(Given data Opens)

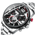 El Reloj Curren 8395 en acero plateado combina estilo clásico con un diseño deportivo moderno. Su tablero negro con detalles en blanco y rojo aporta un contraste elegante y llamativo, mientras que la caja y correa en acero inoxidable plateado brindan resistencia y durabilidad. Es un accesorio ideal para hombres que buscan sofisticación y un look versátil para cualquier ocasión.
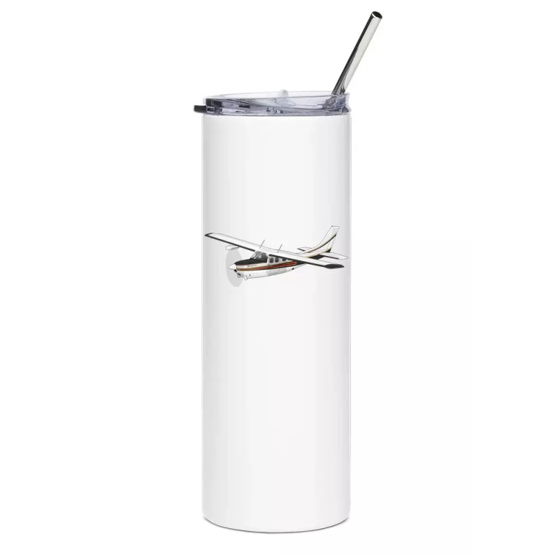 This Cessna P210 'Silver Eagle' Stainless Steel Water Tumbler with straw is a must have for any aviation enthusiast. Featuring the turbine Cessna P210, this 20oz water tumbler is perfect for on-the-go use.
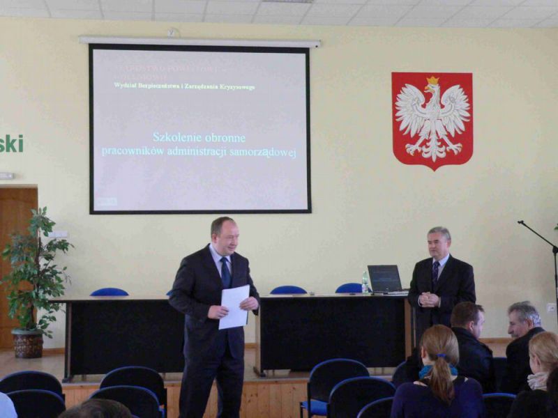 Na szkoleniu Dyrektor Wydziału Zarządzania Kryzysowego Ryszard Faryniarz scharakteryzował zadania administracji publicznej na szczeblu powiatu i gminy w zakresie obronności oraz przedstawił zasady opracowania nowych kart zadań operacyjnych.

(Given data Closes)
(Given data Opens)

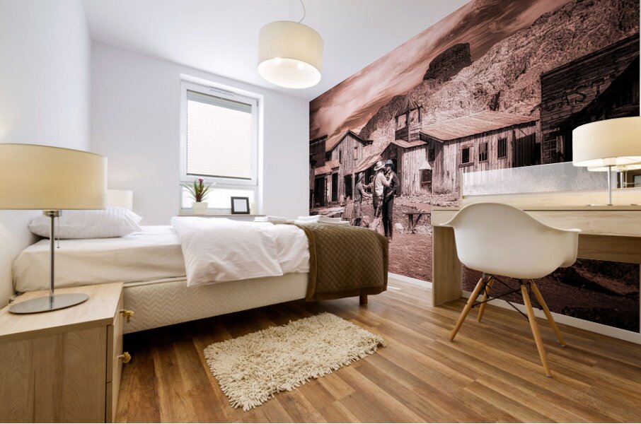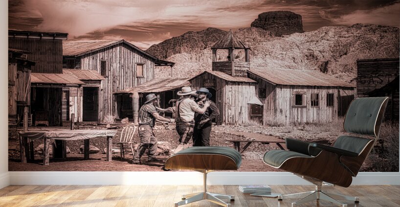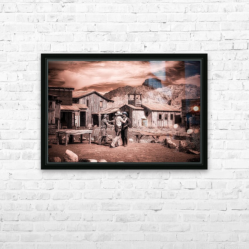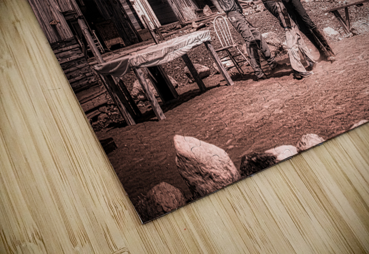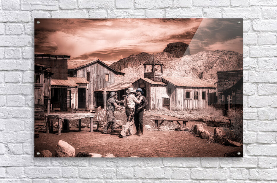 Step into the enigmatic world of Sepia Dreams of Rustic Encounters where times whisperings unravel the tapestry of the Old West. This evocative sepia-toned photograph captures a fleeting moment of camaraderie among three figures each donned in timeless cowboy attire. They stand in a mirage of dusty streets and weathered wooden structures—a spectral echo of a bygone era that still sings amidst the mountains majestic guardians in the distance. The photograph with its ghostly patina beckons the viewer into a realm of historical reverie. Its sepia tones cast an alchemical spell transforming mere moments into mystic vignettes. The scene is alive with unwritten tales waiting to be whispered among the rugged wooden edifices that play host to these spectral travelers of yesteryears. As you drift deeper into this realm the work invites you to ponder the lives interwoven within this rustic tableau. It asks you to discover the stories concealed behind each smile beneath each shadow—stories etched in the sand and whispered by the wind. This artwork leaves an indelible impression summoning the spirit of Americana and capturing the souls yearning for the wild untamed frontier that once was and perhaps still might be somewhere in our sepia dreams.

(Given data Closes)
(Given data Opens)

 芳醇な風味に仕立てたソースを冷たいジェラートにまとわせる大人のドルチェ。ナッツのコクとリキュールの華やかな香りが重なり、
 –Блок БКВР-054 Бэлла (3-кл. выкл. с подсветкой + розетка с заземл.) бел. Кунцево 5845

(Given data Closes)

Problem:
Skipping every picture, transcribe exactly the lines above from the one containing "This Cessna P210" through the one containing "Na szkoleniu Dyrektor", both included.

Output of the exercise:
 This Cessna P210 'Silver Eagle' Stainless Steel Water Tumbler with straw is a must have for any aviation enthusiast. Featuring the turbine Cessna P210, this 20oz water tumbler is perfect for on-the-go use.
 Na szkoleniu Dyrektor Wydziału Zarządzania Kryzysowego Ryszard Faryniarz scharakteryzował zadania administracji publicznej na szczeblu powiatu i gminy w zakresie obronności oraz przedstawił zasady opracowania nowych kart zadań operacyjnych.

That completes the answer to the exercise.